An adaptation of the “Severity Assessment Code” (SAC)22 is used to classify all incidents based on their associated risk. The SAC score guides the selection of the analysis method for the incident: Incidents with low and medium risk are commonly analyzed by monitoring of trended aggregated incident data, while for incidents with high and extreme risk, a deep analysis is recommended thought a root cause analysis or a similar method.

Finally the development of a risk reduction plan is needed, specifiying the actions to be accomplished, staff in charge, calendar and indicators to monitor the plan. Feedback to professionals includes the submition of a semi-automatic email to the reporter when the incident is received (if the reported included his/her contact details), phone calls in those cases where a deep analysis is required, periodic reports (with aggregated data, examples of incidents and the risk reduction plans developed), meetings to discuss about safety incidents, etc.

SiNASP taxonomy and software

The SiNASP software ( has a public area including the reporting questionnaire accessible to healthcare professionals through a code and a private area for the managers of the system, where individual incidents are managed and aggregated information is analyzed in order to developed feedback reports.

The reporting form has four sections: incident (characteristics and type of incident), patient (consequences for the patient and patient characteristics), contributing factors and risk reduction actions (Table 3). The form includes open and close questions with several response categories that facilitate the subsequent analysis of data thought groups, classifications and filters; some of the questions are mandatory.
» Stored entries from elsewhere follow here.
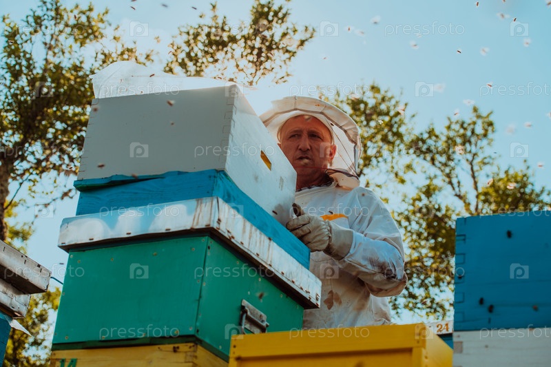 Пчеловод проверяет мед на рамке улья в поле. Производитель натуральных здоровых продуктов питания на пасеке. Владелец малого бизнеса работает с пчелами и ульями на пасеке
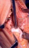 Tal y como se ha descrito previamente, se corta el cartílago con un bisturí. Se coloca un periostótomo de 0,5 cm de anchura en el espacio articular.
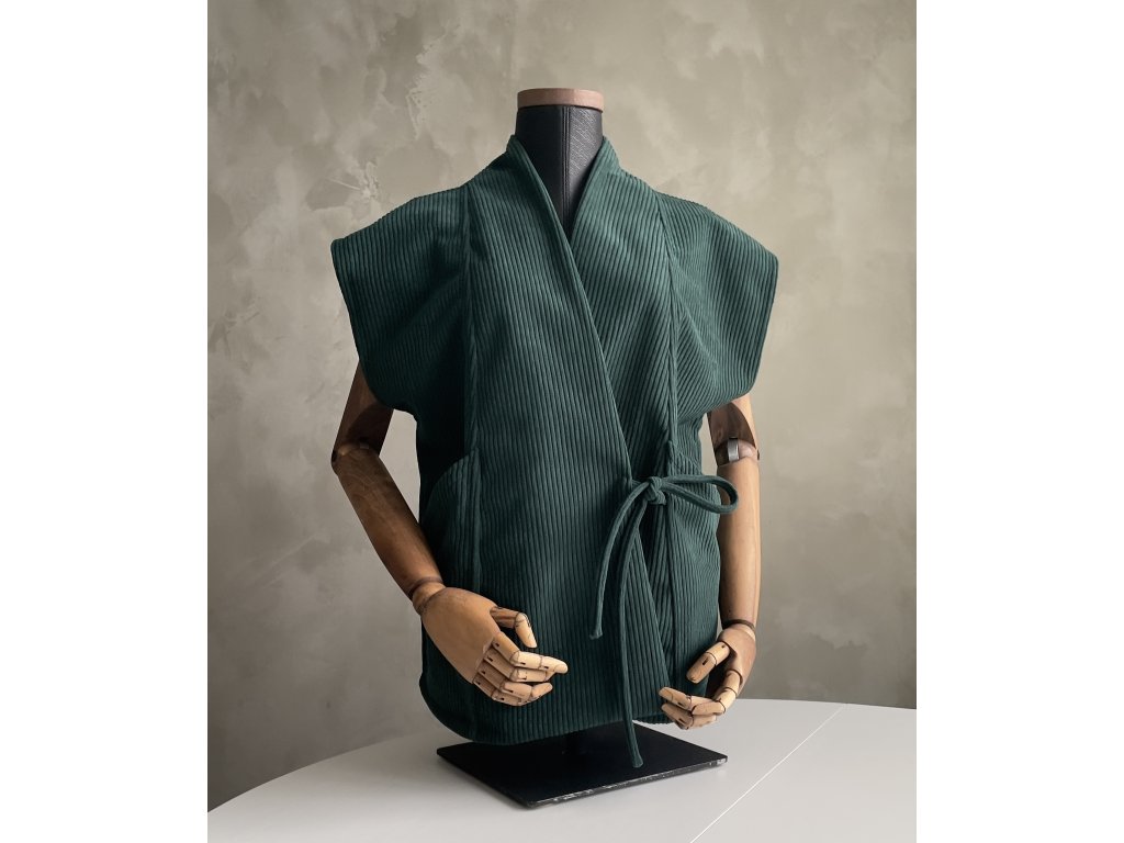 Tmavě zelený pevný manšestr s vnitřní jemnou vrstvou z veluru (není s chlupem) krásně drží tvar.
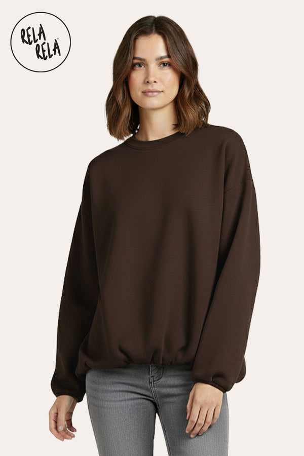 Oversized Ruched Hem Long Sleeve Jumper in Chocolate

The form also includes specific questions for some incident types (for example for medication incidents) that show up in the form only after some alternatives have been selected, what reduces the perceived workload for the reporter.

Table 3.

Items included in SiNASP reporting form.

Where did it happen
  Care setting* 
  Organization name* 
When did it happen
  Time when the incident happened 
People involved in the incident
  N of people involved 
  Type of people involved 
  Email address 
  Did the incident happen in the same organization that is reporting?* 
  Reporting date* 
Incident type
  Description of the incident* 
  Incident type 
  Frequency/likelihood of recurrence 
Specific data for medication incidents
  No. of medications involved 
  Commercial name 
  Active substance 
  Formulation or presentation 
  Type and size of packaging 
  National code 
  Administration route 
  Stages involved 
Patient outcomes
  Type of incident and degree of harm* 
  Type of harm 
Patient characteristics
Incident's risk severity
  Severity Assessment Code (SAC) 
Contributing factors
Factors that contributed to the incident*   
  Category(s) of contributing factors 
Actions to reduce risk
Actions to prevent similar incident*   

*Fields with asterisk are mandatory, have to be filled out to be able to submit the report.
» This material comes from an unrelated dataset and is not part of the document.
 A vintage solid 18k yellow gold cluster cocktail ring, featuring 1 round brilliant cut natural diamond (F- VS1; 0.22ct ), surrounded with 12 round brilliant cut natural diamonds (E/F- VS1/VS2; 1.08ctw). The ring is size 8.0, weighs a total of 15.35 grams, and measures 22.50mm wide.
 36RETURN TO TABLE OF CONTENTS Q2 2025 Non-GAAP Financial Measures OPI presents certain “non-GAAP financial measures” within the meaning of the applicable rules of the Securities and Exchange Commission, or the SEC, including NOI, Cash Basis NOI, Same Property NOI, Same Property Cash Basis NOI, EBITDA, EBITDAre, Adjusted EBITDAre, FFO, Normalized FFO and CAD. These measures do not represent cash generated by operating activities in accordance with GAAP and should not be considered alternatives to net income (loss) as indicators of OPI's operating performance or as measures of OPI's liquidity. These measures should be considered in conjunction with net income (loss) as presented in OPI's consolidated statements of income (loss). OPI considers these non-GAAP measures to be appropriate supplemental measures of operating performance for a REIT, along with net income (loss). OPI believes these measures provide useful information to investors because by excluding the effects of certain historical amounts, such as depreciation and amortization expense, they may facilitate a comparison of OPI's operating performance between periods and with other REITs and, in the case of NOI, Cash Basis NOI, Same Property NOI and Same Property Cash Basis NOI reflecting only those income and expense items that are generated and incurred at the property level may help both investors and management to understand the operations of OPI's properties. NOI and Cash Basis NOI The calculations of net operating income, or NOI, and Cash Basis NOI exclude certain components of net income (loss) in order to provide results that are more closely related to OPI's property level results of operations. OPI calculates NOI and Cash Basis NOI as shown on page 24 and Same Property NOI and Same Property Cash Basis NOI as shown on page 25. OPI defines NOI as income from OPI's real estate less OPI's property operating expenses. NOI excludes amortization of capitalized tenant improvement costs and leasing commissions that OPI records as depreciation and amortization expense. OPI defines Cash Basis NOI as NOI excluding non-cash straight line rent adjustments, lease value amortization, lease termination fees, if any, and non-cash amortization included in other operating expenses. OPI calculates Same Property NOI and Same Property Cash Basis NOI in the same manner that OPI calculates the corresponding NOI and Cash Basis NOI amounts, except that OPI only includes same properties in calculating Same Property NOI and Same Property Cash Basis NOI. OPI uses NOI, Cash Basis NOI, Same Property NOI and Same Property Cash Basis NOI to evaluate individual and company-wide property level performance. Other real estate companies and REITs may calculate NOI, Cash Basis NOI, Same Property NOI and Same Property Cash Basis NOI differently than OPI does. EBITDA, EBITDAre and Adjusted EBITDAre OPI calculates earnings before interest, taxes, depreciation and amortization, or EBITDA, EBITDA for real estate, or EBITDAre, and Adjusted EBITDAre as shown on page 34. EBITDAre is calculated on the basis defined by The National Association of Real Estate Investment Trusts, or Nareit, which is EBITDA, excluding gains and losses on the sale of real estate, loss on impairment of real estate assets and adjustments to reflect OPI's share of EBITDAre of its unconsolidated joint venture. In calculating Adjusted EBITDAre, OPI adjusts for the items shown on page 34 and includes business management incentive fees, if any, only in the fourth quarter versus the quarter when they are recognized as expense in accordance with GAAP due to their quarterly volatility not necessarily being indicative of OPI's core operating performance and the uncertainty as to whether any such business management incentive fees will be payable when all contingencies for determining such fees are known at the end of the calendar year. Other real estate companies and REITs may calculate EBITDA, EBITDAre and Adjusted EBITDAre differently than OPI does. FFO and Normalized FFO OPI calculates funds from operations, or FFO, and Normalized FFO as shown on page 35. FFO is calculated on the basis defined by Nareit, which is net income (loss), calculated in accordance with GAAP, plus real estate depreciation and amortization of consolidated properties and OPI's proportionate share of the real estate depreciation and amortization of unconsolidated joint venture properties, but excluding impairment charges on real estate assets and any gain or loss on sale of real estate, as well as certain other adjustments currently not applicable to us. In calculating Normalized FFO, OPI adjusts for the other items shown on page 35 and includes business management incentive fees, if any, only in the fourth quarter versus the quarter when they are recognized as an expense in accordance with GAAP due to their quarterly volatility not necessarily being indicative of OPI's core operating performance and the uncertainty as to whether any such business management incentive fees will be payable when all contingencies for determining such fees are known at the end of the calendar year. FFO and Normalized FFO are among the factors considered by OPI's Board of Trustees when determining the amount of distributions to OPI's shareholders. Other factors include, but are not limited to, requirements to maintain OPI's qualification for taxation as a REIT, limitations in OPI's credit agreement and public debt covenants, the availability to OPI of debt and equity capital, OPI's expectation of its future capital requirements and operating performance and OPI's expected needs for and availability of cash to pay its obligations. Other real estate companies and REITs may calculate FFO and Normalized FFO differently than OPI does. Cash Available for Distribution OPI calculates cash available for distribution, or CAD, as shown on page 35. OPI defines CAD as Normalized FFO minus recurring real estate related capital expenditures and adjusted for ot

SiNASP Performance monitoring indicators

The SiNASP software includes an indicator scoreboard that provides information to facilitate the management of the system at different levels (Table 4).

Table 4.

SiNASP indicators.

Volume of incidents reported: 
No. of incidents reported in the period 
Ratio of incidents reported in the given period: no. incidents reported×100/no. of beds 
Characteristics of the incidents reported: 
Severity of the incidents reported: % incidents with SAC 1 and SAC 2 out of the total number of incidents reported in the period 
Identification of the reporter: % de incidents with reporter identified. 
Management of incidents reported: 
Average number of days since the incident is notified until it is assigned to a manager 
Average number of days to manage an incident (since the incident is notified until it is closed) 
Incidents reported >1 month ago that have not been managed jet (have not been closed) 
Percentage of closed incidents that have at least one management action documented 
Analysis of incidents: 
% of incident with SAC 1 and SAC 2 that indicate a RCA is to be performed 
% of total incidents that indicate a RCA is to be performed 
N of RCA that have been finalized in the period* 
N of meeting from the group in charge of the analysis of incidents that have been held in the period* 
Feedback mechanisms: 
Email to the reporters 
N of reports saved in the system for the period 
N of reports distributed for the period* 
N of case presentation sessions held for the period* 

SAC: Severity Assessment Code RCA: Root Cause Analysis.
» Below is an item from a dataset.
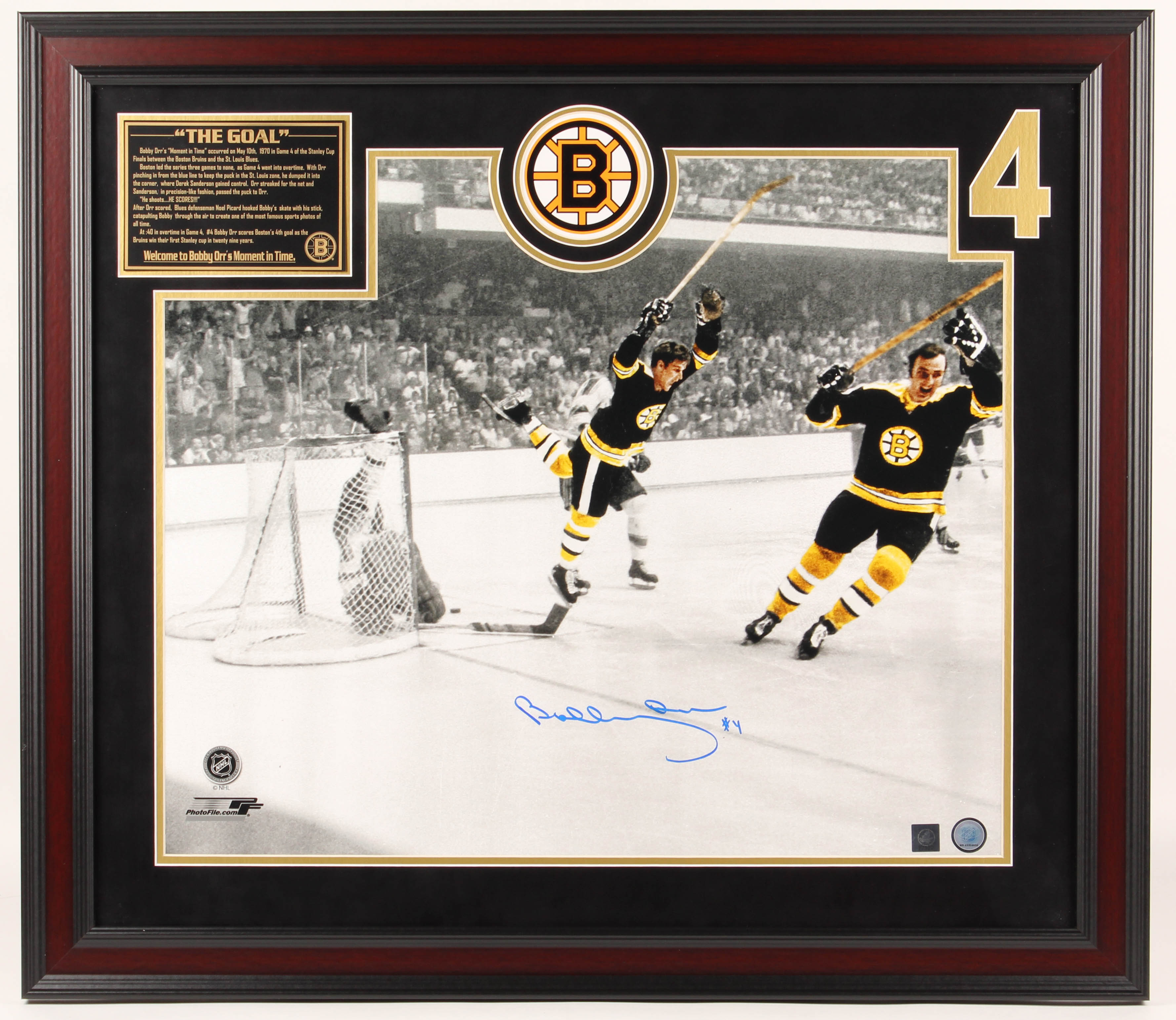 Bobby Orr Signed Bruins "The Goal" 27.5x31.75 Custom Framed Photo Display (Great North Road COA)

*All the indicators are automatically calculated by the SiNASP software based on previously existing information, except for the ones that are marked with an asterisk, which require that SiNASP hospital managers introduce some specific information into the system.

Since incident RLS are relatively new in the healthcare arena, the development and use of indicators to monitor these systems imply some difficulties, such as the lack of background information to establish the standard for the indicators. For this reason, SiNASP's indicators provide objective data about the functioning of the system, but there is no value judgment associated to it. Indicators’ results can be analyzed mainly by comparative analysis (the organization receives information about its own results compared to the anonymous results from all the rest of the organizations using the reporting system) and trending analysis (observing the evolution of its own results).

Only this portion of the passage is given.